Лицо на фотографии многое объясняло.
И отнимало тоже многое.
* * *
Кто-то сидел на одной из дворовых скамеек — Кира краем глаза увидела две темные тени, но не обратила на них внимания и пробежала мимо, спотыкаясь чуть ли не на каждом шагу. В кронах акаций шелестел ветер, где-то вдалеке лаяла собака, из распахнутых окон бормотали, пели и вскрикивали телевизоры. Все это доносилось до нее издалека, и даже звук собственных шагов и сминавшаяся под ними сухая трава были далекими. Ключи всполошено позвякивали на ее пальце.
Когда она оббежала соседний дом с торца, навстречу ей метнулась высокая тень, и в следующую секунду крепкие пальцы вцепились в ее плечи.
— Я же тебя просил! — зло прошипел Вадим. — Почему ты так, почему не предупредила?! Хочешь себя погубить?!

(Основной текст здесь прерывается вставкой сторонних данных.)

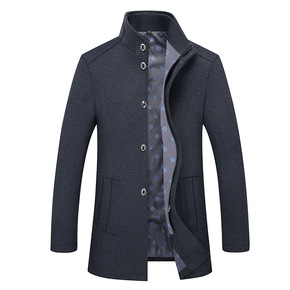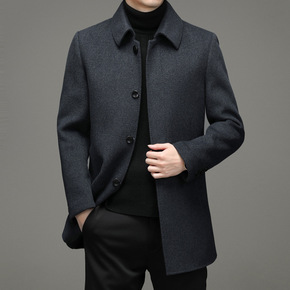 风衣男长款到膝秋冬中老年大衣中长款西服领爸爸加厚毛...

Кира заметила, что он не только не надел свои очки, с которыми не расставался на улице в любое время суток, но и выскочил босиком, в тренировочных штанах и легкой майке, совершенно не скрывавшей его отнюдь не стариковского телосложения. Даже в полумраке на его лице были отчетливо видны волнение и злость.
— Как ты узнал, что я иду сюда? — удивленно произнесла она.
— Увидел в окно... Что-то случилось? — его ладони переползли ей на спину, и Вадим склонился, заглядывая Кире в лицо. — Почему ты так дрожишь? — его взгляд начал стремительно ощупывать ее с ног до головы. — Ты ранена?
Он не столько спрашивал, сколько утверждал, и Кира снова удивилась, потом показала порезанный палец. Вадим хмыкнул, обнял ее за плечи и повел к своему подъезду. Его поведение так не совпадало с тем, что она думала... но нет, она не могла ошибаться.
Когда Князев запер дверь, Кира медленно прошла в комнату, ставшую уже такой привычной и, несмотря на ветхость и беспорядок, почти родной, и села на кровать, глядя на развевающиеся в открытом окне шторы. Вадим опустился рядом на пол и прижался щекой к ее подрагивающему колену, потом легко провел по нему ладонью — теплый, дружеский жест, напрочь лишенный сексуального подтекста.
— Тебе тяжело, я знаю, — тихо произнес он. — Останься, если хочешь. Принести тебе чаю или, может, лучше вина? Думаю, последнее было бы более кстати.
Кира покачала головой. Висевшие на ее указательном пальце ключи сорвались и тяжело звякнули об пол. Вадим взглянул на них, но не сделал попытки подобрать и подать ей.
— Ты даже ключей от моей квартиры боишься? Что ж, тебя можно понять, — ровно произнесла Кира и сжала зубы. Он поднялся и пересел на кровать, рядом с ней.
— Почему ты так говоришь?
Кира облизнула резко пересохшие губы, немного отодвинулась, вытащила из кармана джинсов чуть смявшиеся фотографии и положила их на кровать. Взгляд Вадима метнулся к верхней из них, на которой был запечатлен четкий профиль мужчины с аккуратной темной бородой и густыми, взлохмаченными, словно со сна, волосами. Они скрадывали, скрывали, меняли привычный облик, но не узнать его было невозможно. Князев сдвинул фотографию в сторону, глядя на две другие, и в его глазах зашевелилось что-то мучительное и вместе с тем досадливое.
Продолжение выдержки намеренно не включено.